With the pictures removed, write out the full listing below exactly.

/---

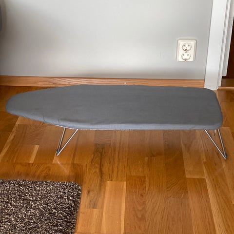 Strykebrett med grått trekk med hvite blomster, justerbare ben og tilbehør for strykejern. Passer til bruk i hjemmet for effektiv stryking av klær.
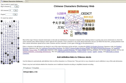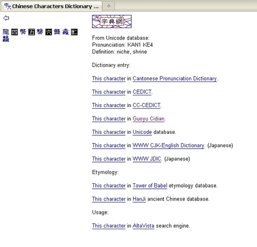 這是老外編的網站,中文(中文字譜)網站的一部份.特點是可同時查詢數個網站,很方便,故特別介紹.以下圖為例,查「龕」字,它顯現龕字在其他字典的連結,再也不必辛苦地一一到各網站分別查詢.當然,它所連結的字典有限.連結所無的字典,如康熙字典,說文解字等等,仍得躬身親查.
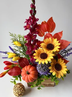 Искусственные цветы- подсолнух, тыква, хризантемы в кашпо
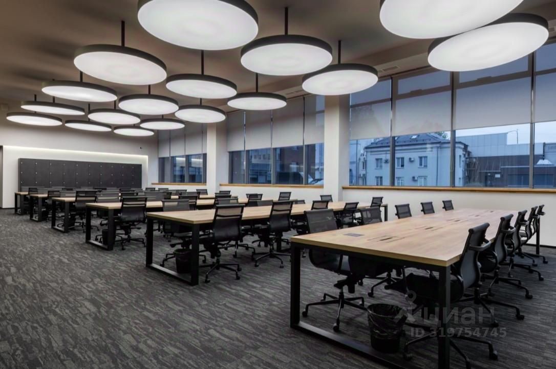 Офис рассчитан на 124 рабочих мест. Так же есть переговорные комнаты, телефонные будки, кухня, санузлы, душевая, лаундж зона.
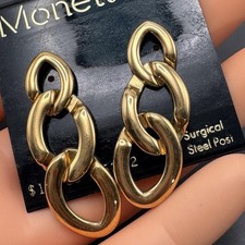 Mod/modern Monet gold plated dangle /drop earrings ~ new old stockDates : late 20th century Materials : gold tone metal Measures : Earrings are 1 1/2 inches in drop length x 1/2 inches max width . Condition : New old stock . Please Note ~ As vintage items are previously loved /used please do expect some minor wear like surface wear /dents /dings and metal discoloration . All items are carefully inspected and major flaws will be listed separately ~ Plenty of photograph are added so please study the photos carefully as it is also part of description or if you need more pictures just message us we will be happy to provide them :)... Exported By ExportYourStore Powered by ExportYourStore.com
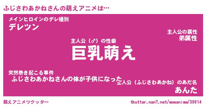 | 男性向けラノベタイトル風あだ名 | 『ふじさわあかねの憂鬱』 |
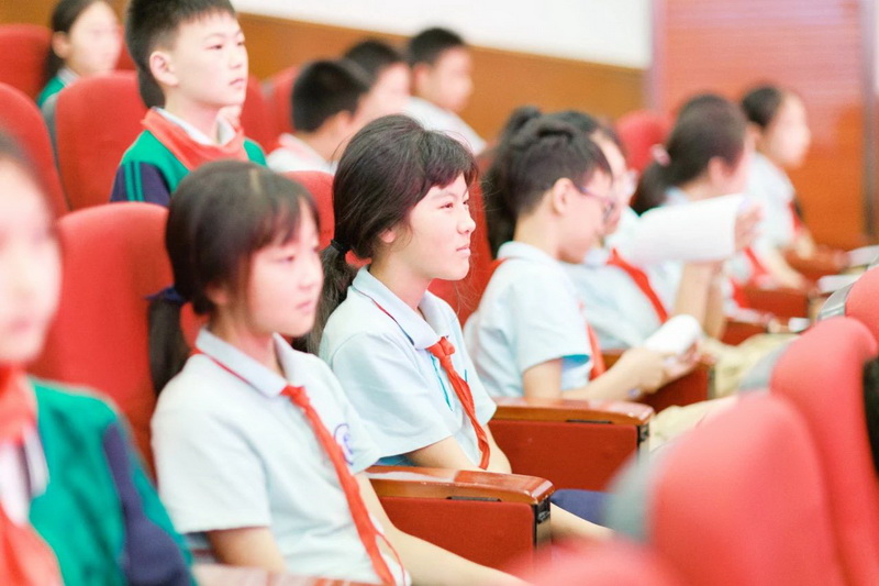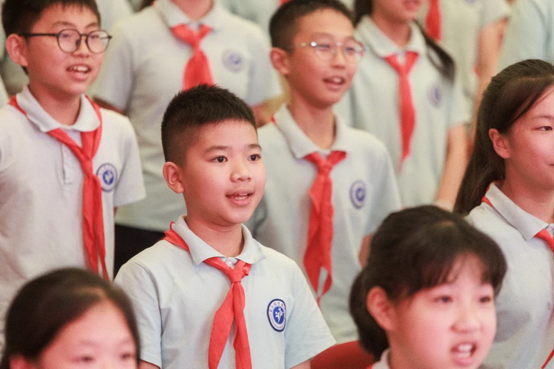 我们在阳光下成长,沐浴祖国的温暖,红领巾随风飘扬,把未来点燃。毕业生们慷慨激昂地朗诵《中华少年》,来表达对祖国的热爱与自豪之情。

\---

## Reply to the exercise
 Strykebrett med grått trekk med hvite blomster, justerbare ben og tilbehør for strykejern. Passer til bruk i hjemmet for effektiv stryking av klær.
 這是老外編的網站,中文(中文字譜)網站的一部份.特點是可同時查詢數個網站,很方便,故特別介紹.以下圖為例,查「龕」字,它顯現龕字在其他字典的連結,再也不必辛苦地一一到各網站分別查詢.當然,它所連結的字典有限.連結所無的字典,如康熙字典,說文解字等等,仍得躬身親查.
 Искусственные цветы- подсолнух, тыква, хризантемы в кашпо
 Офис рассчитан на 124 рабочих мест. Так же есть переговорные комнаты, телефонные будки, кухня, санузлы, душевая, лаундж зона.
 Mod/modern Monet gold plated dangle /drop earrings ~ new old stockDates : late 20th century Materials : gold tone metal Measures : Earrings are 1 1/2 inches in drop length x 1/2 inches max width . Condition : New old stock . Please Note ~ As vintage items are previously loved /used please do expect some minor wear like surface wear /dents /dings and metal discoloration . All items are carefully inspected and major flaws will be listed separately ~ Plenty of photograph are added so please study the photos carefully as it is also part of description or if you need more pictures just message us we will be happy to provide them :)... Exported By ExportYourStore Powered by ExportYourStore.com
 | 男性向けラノベタイトル風あだ名 | 『ふじさわあかねの憂鬱』 |
 我们在阳光下成长,沐浴祖国的温暖,红领巾随风飘扬,把未来点燃。毕业生们慷慨激昂地朗诵《中华少年》,来表达对祖国的热爱与自豪之情。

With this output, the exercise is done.